On the ImageNet full set, we apply EraseReLU to two models, ResNet-152 and ResNet-200. To ensure a fair comparison, we adopt the public Torch implementation for ResNet

444 and only replace the model definition by the model applying our EraseReLU. Therefore, all other factors are eliminated, such as data pre-process and data argumentations. We keep all the experiment settings the same as those used for ResNet. For both ResNet-152 and ResNet-200, we use the EraseReLU with the proportion of 50%. EraseReLU improves the ResNet-152 on ImageNet dataset by 0.6% top-1 accuracy. For ResNet-200, we achieve 21.4% top-1 accuracy outperforming the original one about 0.4%. The ResNet-200 with EraseReLU also outperforms than the Pre-act ResNet-200, which is an improved version of ResNet.

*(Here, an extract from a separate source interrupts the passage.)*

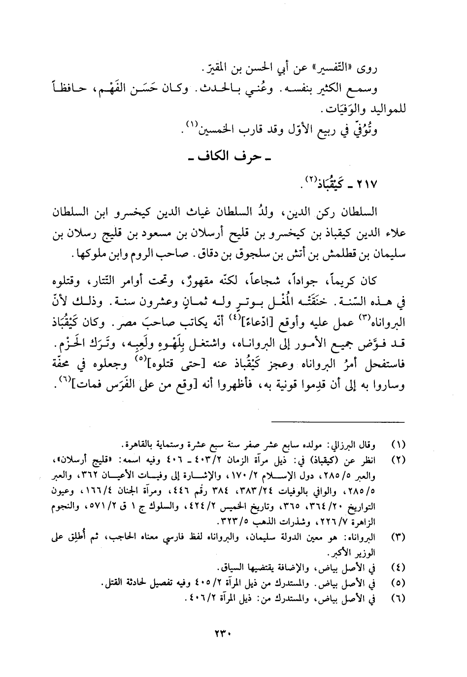 [2] انظر عن (كيقباذ) في: ذيل مرآة الزمان 2/ 403- 406 وفيه اسمه: «قليج أرسلان» ، والعبر 5/ 285، دول الإسلام 2/ 170، والإشارة إلى وفيات الأعيان 362، والعبر 5/ 285، والوافي بالوفيات 24/ 383، 384 رقم 446، ومرآة الجنان 4/ 166، وعيون التواريخ 20/ 364، 365، وتاريخ الخميس 2/ 424، والسلوك ج 1 ق 2/ 571، والنجوم الزاهرة 7/ 226، وشذرات الذهب 5/ 323.
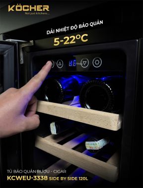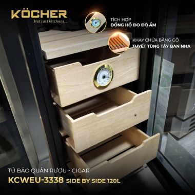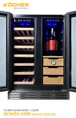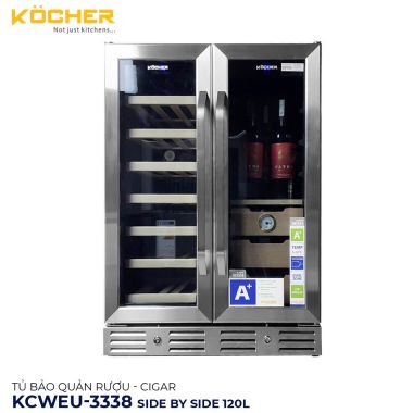 Tủ Bảo Quản Rượu – Cigar Side By Side Kocher KCWEU-3338 là dòng tủ bảo quản rượu vang tích hợp bảo quản Cigar trong 1 sản phẩm. Tủ bảo quản có dung tích lớn 120 lít, thiết kế kiểu dáng Side by side hiện đại và sang trọng.

We demonstrate EraseReLU can improve deep models in the large-scale dataset. We do not apply EraseReLU to more sophisticated models on ImageNet because it needs much more hardware resources, which is unaffordable for us. All the compared models in experiments are the state-of-the-art CNN architectures, which have been optimized by many researchers and validated by many systems/papers. It is not easy to remove their components. If one removes a layer or a component arbitrarily, the performance will drop significantly.

Sample Ratio 10% 20% 30%
ResNet-50 top-1 47.60 36.76 31.11
top-5 23.68 15.65 11.65
ResNet-50 with ER top-1 46.18 36.42 31.10
top-5 23.20 14.99 11.64
Table 3: Top-1 and top-5 error rate on ImageNet validation subsets using different number of training images. 10%, 20% and 30% indicates ImageNet-10%, -20% and -30%, respectively. For EraseReLU on ImageNet-10% and -20%, we use the proportion of 100%. For ImageNet-30%, we use the proportion of 25%.
ModelError top-1(%) top-5(%)
ResNet-152 22.2 6.2
ResNet-152 with ER 21.6 5.8
ResNet-200 21.8 6.1
Pre-act ResNet-200 21.7 5.8
ResNet-200 with ER 21.4 5.8
Table 4: Top-1 and top-5 error rate on ImageNet full validation set. We compare various residual models with and without EraseReLU. We use the proportion of 100% for EraseReLU on ResNet-152 and Pre-act ResNet-200, referred as “ER”. They are evaluated on the ImageNet validation set. We only use single-crop for testing with image size. indicates results run by ourselves.

5 Conclusion

In this paper, we investigate the effect of erasing ReLUs in deep CNN architectures following deterministic rules. We find two key factors to performance improvement: 1) the location where the ReLU should be erased inside the basic module; 2) the proportion of modules to erase ReLU. By leveraging these two factors, we propose a simple but effective approach to improve CNN models, named “EraseReLU”. It can lead to a non-negligible improvement of classification performance because its effectiveness in easing the optimization and regularizing the training of deep neural networks. Our approach improves the classification performance beyond various CNN architectures, such as ResNet, Pre-act ResNet, Wide ResNet and ResNeXt. Most of them achieve a much higher performance while having the same computation cost compared to the original models. We obtain more than 2% absolute accuracy improvement on CIFAR-100 compared to the Pre-act ResNet-1001. Our approach also leads 0.6% accuracy improvement on the large-scale dataset ImageNet compared to ResNet-152.